Extracted data Start Marker

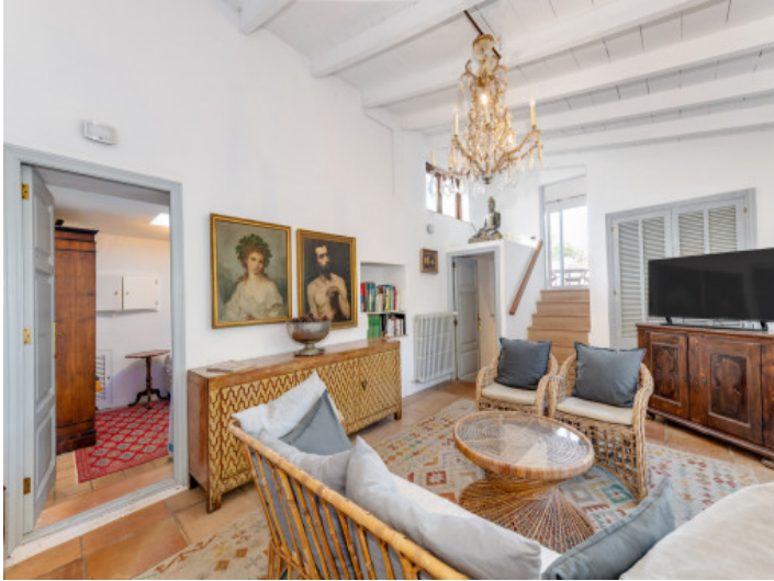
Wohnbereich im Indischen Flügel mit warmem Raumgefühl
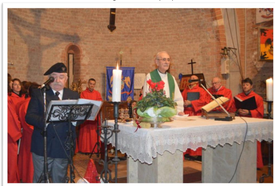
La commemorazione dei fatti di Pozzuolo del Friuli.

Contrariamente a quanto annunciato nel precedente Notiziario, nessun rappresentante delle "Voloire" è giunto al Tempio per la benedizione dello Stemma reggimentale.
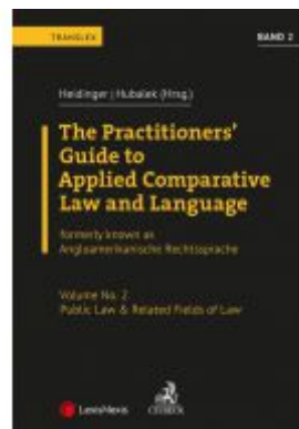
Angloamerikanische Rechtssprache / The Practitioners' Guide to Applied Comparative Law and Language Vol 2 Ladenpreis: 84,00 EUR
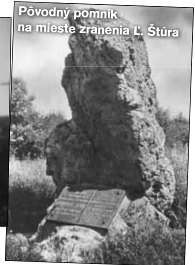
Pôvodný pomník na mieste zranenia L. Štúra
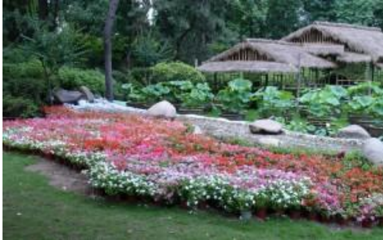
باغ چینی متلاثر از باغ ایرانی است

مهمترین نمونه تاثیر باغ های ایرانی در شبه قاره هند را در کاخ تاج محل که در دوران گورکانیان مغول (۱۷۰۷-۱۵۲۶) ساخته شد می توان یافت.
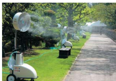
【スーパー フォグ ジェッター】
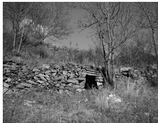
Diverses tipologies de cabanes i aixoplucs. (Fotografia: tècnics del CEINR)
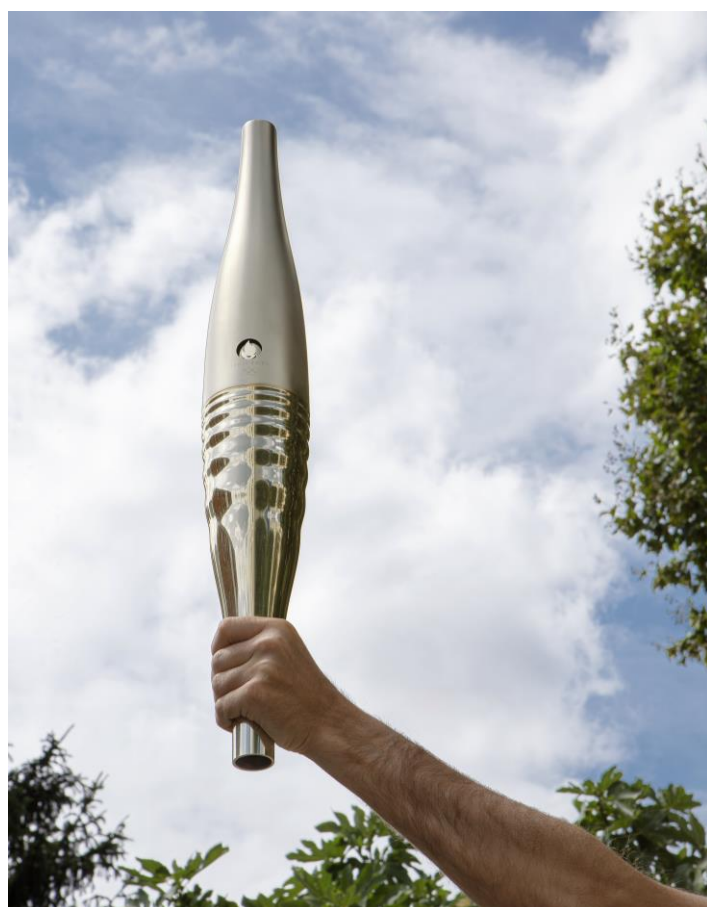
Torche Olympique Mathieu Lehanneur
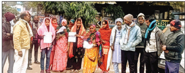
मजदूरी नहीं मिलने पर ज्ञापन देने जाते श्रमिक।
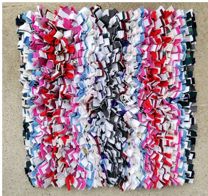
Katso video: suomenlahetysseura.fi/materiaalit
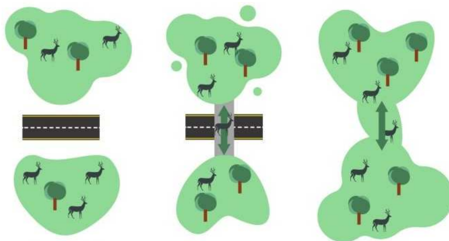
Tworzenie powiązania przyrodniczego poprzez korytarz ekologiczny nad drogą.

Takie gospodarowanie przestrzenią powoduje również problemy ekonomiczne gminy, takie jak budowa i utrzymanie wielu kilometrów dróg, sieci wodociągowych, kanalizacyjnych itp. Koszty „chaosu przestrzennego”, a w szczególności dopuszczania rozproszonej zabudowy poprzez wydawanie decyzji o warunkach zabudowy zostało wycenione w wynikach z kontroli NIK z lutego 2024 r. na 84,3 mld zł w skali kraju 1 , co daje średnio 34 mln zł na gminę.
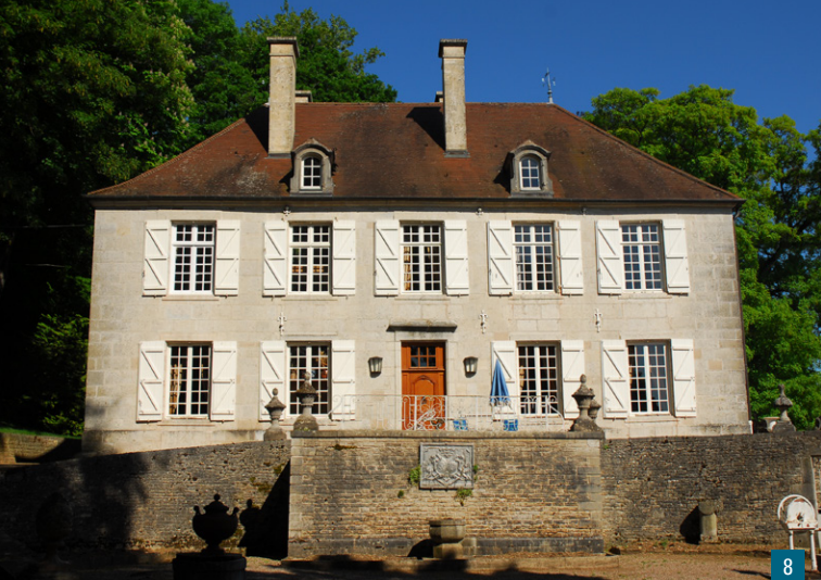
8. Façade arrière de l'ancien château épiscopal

Extracted data End Marker
Extracted data Start Marker

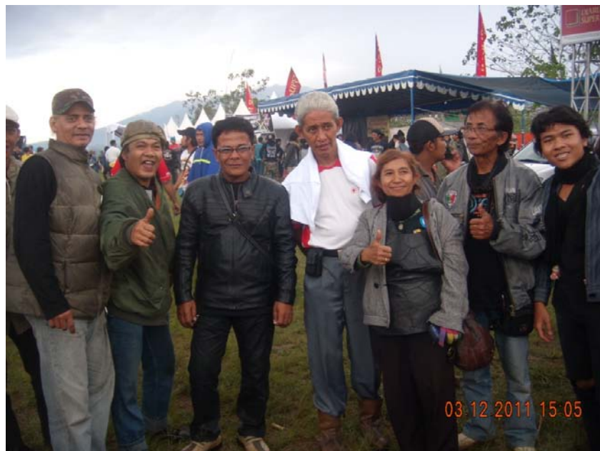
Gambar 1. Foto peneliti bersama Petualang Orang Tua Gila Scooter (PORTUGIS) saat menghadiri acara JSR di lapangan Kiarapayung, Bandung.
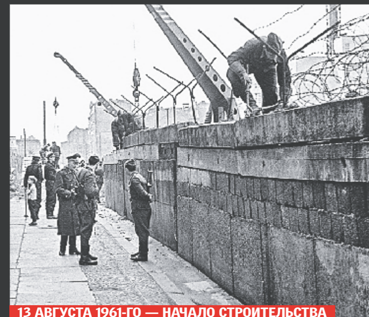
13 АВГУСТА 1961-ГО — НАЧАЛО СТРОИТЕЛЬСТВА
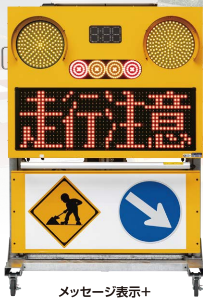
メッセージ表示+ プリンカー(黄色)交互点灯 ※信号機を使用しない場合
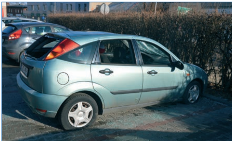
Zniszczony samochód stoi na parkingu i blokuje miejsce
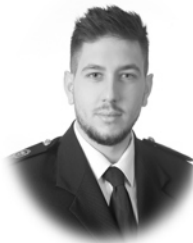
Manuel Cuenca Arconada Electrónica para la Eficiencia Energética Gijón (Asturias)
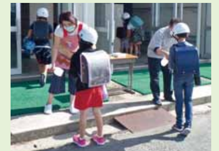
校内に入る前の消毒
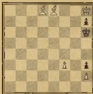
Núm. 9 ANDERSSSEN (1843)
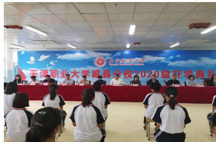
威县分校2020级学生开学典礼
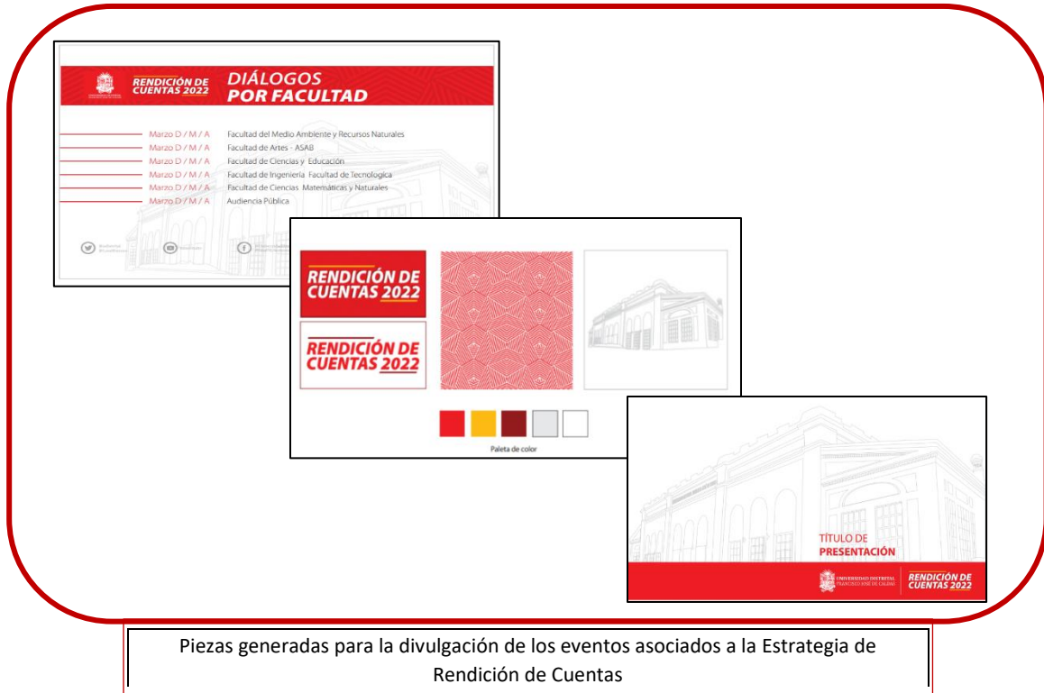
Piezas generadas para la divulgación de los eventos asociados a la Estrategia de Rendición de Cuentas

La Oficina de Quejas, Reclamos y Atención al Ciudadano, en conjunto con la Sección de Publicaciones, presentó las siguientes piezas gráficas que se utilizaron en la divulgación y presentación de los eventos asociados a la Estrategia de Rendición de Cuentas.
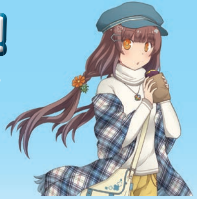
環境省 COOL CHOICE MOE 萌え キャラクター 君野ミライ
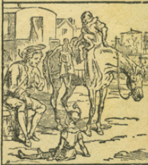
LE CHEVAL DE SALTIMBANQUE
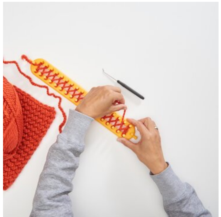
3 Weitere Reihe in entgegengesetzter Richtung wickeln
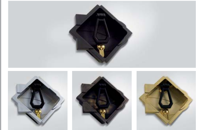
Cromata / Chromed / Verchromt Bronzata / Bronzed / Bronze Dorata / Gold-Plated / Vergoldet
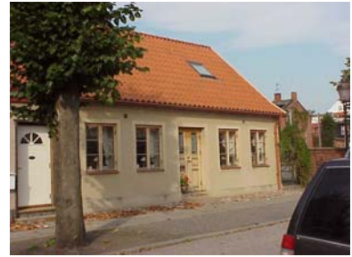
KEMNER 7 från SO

Extracted data End Marker

Problem details: Both the line above containing "Wohnbereich im Indischen" and the line containing "8. Façade arrière" belong in the copy, along with every line between them; print these exactly and omit the pictures.

Output:
Wohnbereich im Indischen Flügel mit warmem Raumgefühl
La commemorazione dei fatti di Pozzuolo del Friuli.

Contrariamente a quanto annunciato nel precedente Notiziario, nessun rappresentante delle "Voloire" è giunto al Tempio per la benedizione dello Stemma reggimentale.
Angloamerikanische Rechtssprache / The Practitioners' Guide to Applied Comparative Law and Language Vol 2 Ladenpreis: 84,00 EUR
Pôvodný pomník na mieste zranenia L. Štúra
باغ چینی متلاثر از باغ ایرانی است

مهمترین نمونه تاثیر باغ های ایرانی در شبه قاره هند را در کاخ تاج محل که در دوران گورکانیان مغول (۱۷۰۷-۱۵۲۶) ساخته شد می توان یافت.
【スーパー フォグ ジェッター】
Diverses tipologies de cabanes i aixoplucs. (Fotografia: tècnics del CEINR)
Torche Olympique Mathieu Lehanneur
मजदूरी नहीं मिलने पर ज्ञापन देने जाते श्रमिक।
Katso video: suomenlahetysseura.fi/materiaalit
Tworzenie powiązania przyrodniczego poprzez korytarz ekologiczny nad drogą.

Takie gospodarowanie przestrzenią powoduje również problemy ekonomiczne gminy, takie jak budowa i utrzymanie wielu kilometrów dróg, sieci wodociągowych, kanalizacyjnych itp. Koszty „chaosu przestrzennego”, a w szczególności dopuszczania rozproszonej zabudowy poprzez wydawanie decyzji o warunkach zabudowy zostało wycenione w wynikach z kontroli NIK z lutego 2024 r. na 84,3 mld zł w skali kraju 1 , co daje średnio 34 mln zł na gminę.
8. Façade arrière de l'ancien château épiscopal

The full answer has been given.